Date: 2024-06-20 02:17 pm (UTC)
alithea: Artwork of Francine from Strangers in Paradise, top half only with hair and scarf blowing in the wind (Default)
From: [personal profile] alithea
I confess I'm *assuming* that's what the patronising arsehole psychiatrist wrote in my medical notes while telling me to take diazepam and go on the waiting list for CBT... Apparently Tayside NHS Board "don't diagnose adult autism".

The only upside to the story is that said arsehole psychiatrist got struck off a few months later for bullying inpatients.

Date: 2024-06-20 02:31 pm (UTC)
alithea: Artwork of Francine from Strangers in Paradise, top half only with hair and scarf blowing in the wind (Default)
From: [personal profile] alithea
Ooh, it wasn't *quite* as bad as I may have implied - this was back in 2018 before *I* knew I was autistic. The not diagnosing adult autism is what I've discovered more recently. But it would have been helpful if someone had picked it up back then when I was trying to get treatment for my mental health, as I opposed to me discovering for myself during a session on a return to work scheme, where I had no access to any sort of support for it.

Date: 2024-06-20 02:40 pm (UTC)
alithea: Artwork of Francine from Strangers in Paradise, top half only with hair and scarf blowing in the wind (Default)
From: [personal profile] alithea
We had a session run by a neurodiverse woman all about adapting to work environments and self care for the terminally anxious with sensory issues... I put two and two together about how all my issues with the new building in Dundee had been sensory overload and then a diagnosed friend I spoke to about it very kindly pointed me at a proper questionnaire written by researchers (at Oxford? University) and I started doing that and discovered all my "quirky" stories about my school career are actually classic autism symptoms, and came out with a "yes, it's definitely worth you contacting a professional to look into a diagnosis" result at the end. Which is how I found out GPs can't refer you for an autism diagnosis in Tayside. I am currently considering self referring back to mental health to see if it *is* possible to get an NHS diagnosis if you go direct to the mental health team... But funnily enough, I'm not especially keen to engage with them since it's exactly the same team as I had to deal with in Dundee, minus arsehole psychiatrist, obviously.

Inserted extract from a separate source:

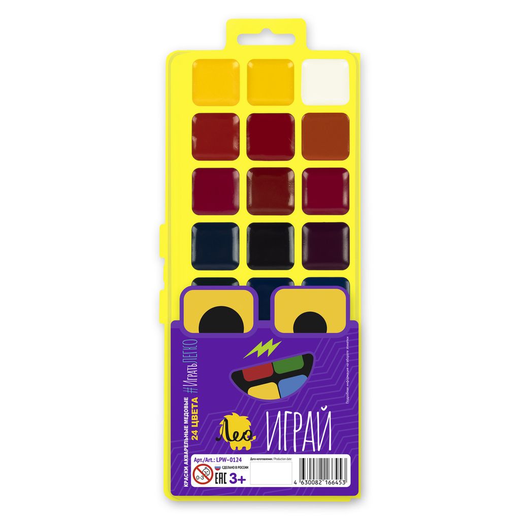 Краска акварель Лео Играй медовые, без кисти в пластиковой упаковке с европодвесом LPW-0124 24 цв

Date: 2024-06-20 02:42 pm (UTC)
alithea: Artwork of Francine from Strangers in Paradise, top half only with hair and scarf blowing in the wind (Default)
From: [personal profile] alithea
This is what I meant when I wrote "this course is great, but A Lot" - I've been intending to write the above comment as a post for about 18 months and never quite getting up the spoons.

#1

Date: 2024-06-20 02:38 pm (UTC)
lsanderson: (Default)
From: [personal profile] lsanderson
Curse you, U of M!

Dooes what it says on the Tin...

Date: 2024-06-21 06:52 am (UTC)
hairyears: Spilosoma viginica caterpillar: luxuriant white hair and a 'Dougal' face with antennae. Small, hairy, and venomous (Default)
From: [personal profile] hairyears
6)

"Flamethrower-wielding robot dog

What could possibly go wrong?

Let's put the word 'Eventual' to work...

Date: 2024-06-21 06:58 am (UTC)
hairyears: Spilosoma viginica caterpillar: luxuriant white hair and a 'Dougal' face with antennae. Small, hairy, and venomous (Default)
From: [personal profile] hairyears
I worry that the headlines and viral video, from its eventual use against humans, will boost sales enough to cover the legal costs many times over.